Python

How to Crawl XML Sitemaps with Python

Learn how to efficiently crawl and extract URLs from XML sitemaps using Python’s Ultimate Sitemap Parser (USP). Discover how to handle nested sitemaps, filter URLs, and save results for SEO audits, web scraping, and competitor analysis.

Introduction
Prerequisites
- Install Python
- Install Ultimate Sitemap Parser (USP)
Crawling Sitemaps using "ultimate-sitemap-parser"
Conclusion

Introduction

Sitemaps are a critical part of SEO and web crawling because they provide a structured list of URLs that a website wants search engines to index. Instead of scraping a site link by link, crawling the XML sitemap allows you to quickly discover all available URLs in a much more efficient way.
- The Challenges of Manual Sitemap Parsing
  While sitemaps make crawling easier, manually parsing them can be tricky:
  - Many websites use index sitemaps that link to multiple smaller sitemaps, requiring additional steps to process.
  - Large sitemaps can contain thousands of URLs, making extraction time-consuming and inefficient.
- The Solution: Ultimate Sitemap Parser (USP)
  This is where ultimate-sitemap-parser (USP) comes in. It’s a powerful Python library built to handle complex sitemaps with ease. USP can:
  - Fetch and parse XML sitemaps automatically.
  - Handle nested index sitemaps without extra coding.
  - Extract URLs efficiently with just a simple function call.
- What You’ll Learn in This Guide
  
  In this tutorial, we’ll walk you through how to use ultimate-sitemap-parser in Python to crawl the ASOS sitemap and extract all available URLs quickly. This approach saves time, reduces complexity, and provides a scalable way to handle sitemap crawling for SEO projects.
Prerequisites

Before we start crawling XML sitemaps with Python, ensure your system is ready with the following setup:
- Install Python
  To run the sitemap crawler, you’ll need Python 3.x installed on your computer.
  - Download the latest version of Python from the official Python website.
  - After installation, confirm it’s working by running the command below in your terminal or command prompt:
  python3 --version
  
  If Python is installed correctly, this will display the installed version number.
- Install Ultimate Sitemap Parser (USP)
  
  The ultimate-sitemap-parser library makes it simple to fetch and parse sitemaps in Python. Install it using pip:
  pip install ultimate-sitemap-parser
  Once installed, you’re ready to start building your Python sitemap crawler.
Crawling Sitemaps using "ultimate-sitemap-parser"

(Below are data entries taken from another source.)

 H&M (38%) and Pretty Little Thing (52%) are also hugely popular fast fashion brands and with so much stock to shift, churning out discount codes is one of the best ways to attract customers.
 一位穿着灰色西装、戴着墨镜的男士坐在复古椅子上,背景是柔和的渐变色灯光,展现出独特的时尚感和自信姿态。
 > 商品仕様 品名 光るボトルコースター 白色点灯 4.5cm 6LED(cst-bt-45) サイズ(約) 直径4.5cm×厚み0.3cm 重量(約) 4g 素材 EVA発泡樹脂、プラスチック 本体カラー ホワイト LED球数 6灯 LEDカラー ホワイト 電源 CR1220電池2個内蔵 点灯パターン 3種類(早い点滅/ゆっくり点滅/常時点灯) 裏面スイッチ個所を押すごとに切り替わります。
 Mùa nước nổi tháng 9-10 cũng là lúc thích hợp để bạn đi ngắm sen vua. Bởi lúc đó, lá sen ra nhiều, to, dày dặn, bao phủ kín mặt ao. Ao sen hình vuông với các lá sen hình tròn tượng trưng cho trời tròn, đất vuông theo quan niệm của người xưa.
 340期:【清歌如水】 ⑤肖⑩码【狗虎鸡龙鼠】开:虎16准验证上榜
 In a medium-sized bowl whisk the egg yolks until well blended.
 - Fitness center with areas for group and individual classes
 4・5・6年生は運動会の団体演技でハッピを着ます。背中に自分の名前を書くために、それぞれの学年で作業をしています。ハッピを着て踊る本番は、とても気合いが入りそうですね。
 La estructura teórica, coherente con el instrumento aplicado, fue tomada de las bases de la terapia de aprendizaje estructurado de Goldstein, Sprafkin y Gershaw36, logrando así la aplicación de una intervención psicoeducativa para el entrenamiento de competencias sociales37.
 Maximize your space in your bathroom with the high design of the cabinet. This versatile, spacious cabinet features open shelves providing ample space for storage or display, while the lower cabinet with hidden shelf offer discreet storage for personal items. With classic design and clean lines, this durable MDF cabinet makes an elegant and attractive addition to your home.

Now that you’ve installed ultimate-sitemap-parser (USP), let’s see how to use it to crawl the ASOS sitemap and extract URLs efficiently. We’ll walk through the core features step by step.
- Fetching the Sitemap and Extracting URLs
  
  The USP library makes it simple to fetch and parse XML sitemaps without manually handling XML files. With just a few lines of code, you can extract every URL from a sitemap.
  
  from usp.tree import sitemap_tree_for_homepage
  
  # Define the target website
  url = "https://www.asos.com/"
  
  # Fetch and parse the sitemap
  tree = sitemap_tree_for_homepage(url)
  
  # Extract and print all URLs
  for page in tree.all_pages():
  print(page.url)
  
  This script will automatically fetch the ASOS sitemap and print all available URLs.
- Handling Nested Sitemaps
  A big advantage of USP is that it can automatically handle nested index sitemaps. Many websites (including ASOS) split their sitemaps into smaller files, such as:
  - Product pages
  - Category pages
  - Blog or content pages
  USP will:
  - Detect index sitemaps.
  - Fetch linked sub-sitemaps.
  - Recursively extract URLs from all of them.
  👉 The script above already handles this seamlessly — no extra code needed.
- Extracting Only a Subset of URLs
  
  Sometimes you only want specific types of pages, such as product URLs. USP makes this easy with simple filtering.
  
  For example, ASOS product URLs usually contain /product/. Here’s how you can filter only product pages:
  
  # Extract and filter only product page URLs
  product_urls = [page.url for page in tree.all_pages() if "/product/" in page.url]
  
  # Print filtered URLs
  for url in product_urls:
  print(url)
  
  This way, you only crawl the URLs that matter to your project.
- Storing URLs in a CSV File
  
  Instead of printing the URLs, you might want to save them for later use. Here’s how to export the extracted URLs into a CSV file:
  
  import csv
  from usp.tree import sitemap_tree_for_homepage
  
  # Define the target website
  url = "https://www.asos.com/"
  
  # Fetch and parse the sitemap
  tree = sitemap_tree_for_homepage(url)
  
  # Extract all URLs
  urls = [page.url for page in tree.all_pages()]
  
  # Save URLs to a CSV file
  csv_filename = "asos_sitemap_urls.csv"
  with open(csv_filename, "w", newline="", encoding="utf-8") as file:
  writer = csv.writer(file)
  writer.writerow(["URL"]) # Write header
  for url in urls:
  writer.writerow([url])
  
  print(f"Extracted {len(urls)} URLs and saved to {csv_filename}")
  
  Running this script will extract all sitemap URLs and save them into a CSV file, making them easy to analyze or use in other projects.
Conclusion
In this guide, we explored how to crawl XML sitemaps with Python using the ultimate-sitemap-parser (USP) library. Instead of manually parsing XML files or struggling with nested index sitemaps, USP simplifies the process with just a few lines of code.

Here’s what we covered:
- ✅ How to extract URLs directly from the ASOS sitemap.
- ✅ How USP automatically handles nested sitemaps.
- ✅ How to store extracted URLs in a CSV file for easy analysis.
With USP, sitemap crawling becomes faster, cleaner, and more efficient, making it an excellent choice for SEO audits, competitor research, and large-scale web scraping projects.

Next Steps
If you’d like to dive deeper into USP, here are some helpful resources:
- 📖 Official Documentation – Learn how to get started with USP.
- 💻 GitHub Repository – Explore the source code and contribute.
Whether you’re building a Python-based SEO tool, auditing your own website, or running a large-scale scraping project, USP is a powerful and reliable addition to your toolkit.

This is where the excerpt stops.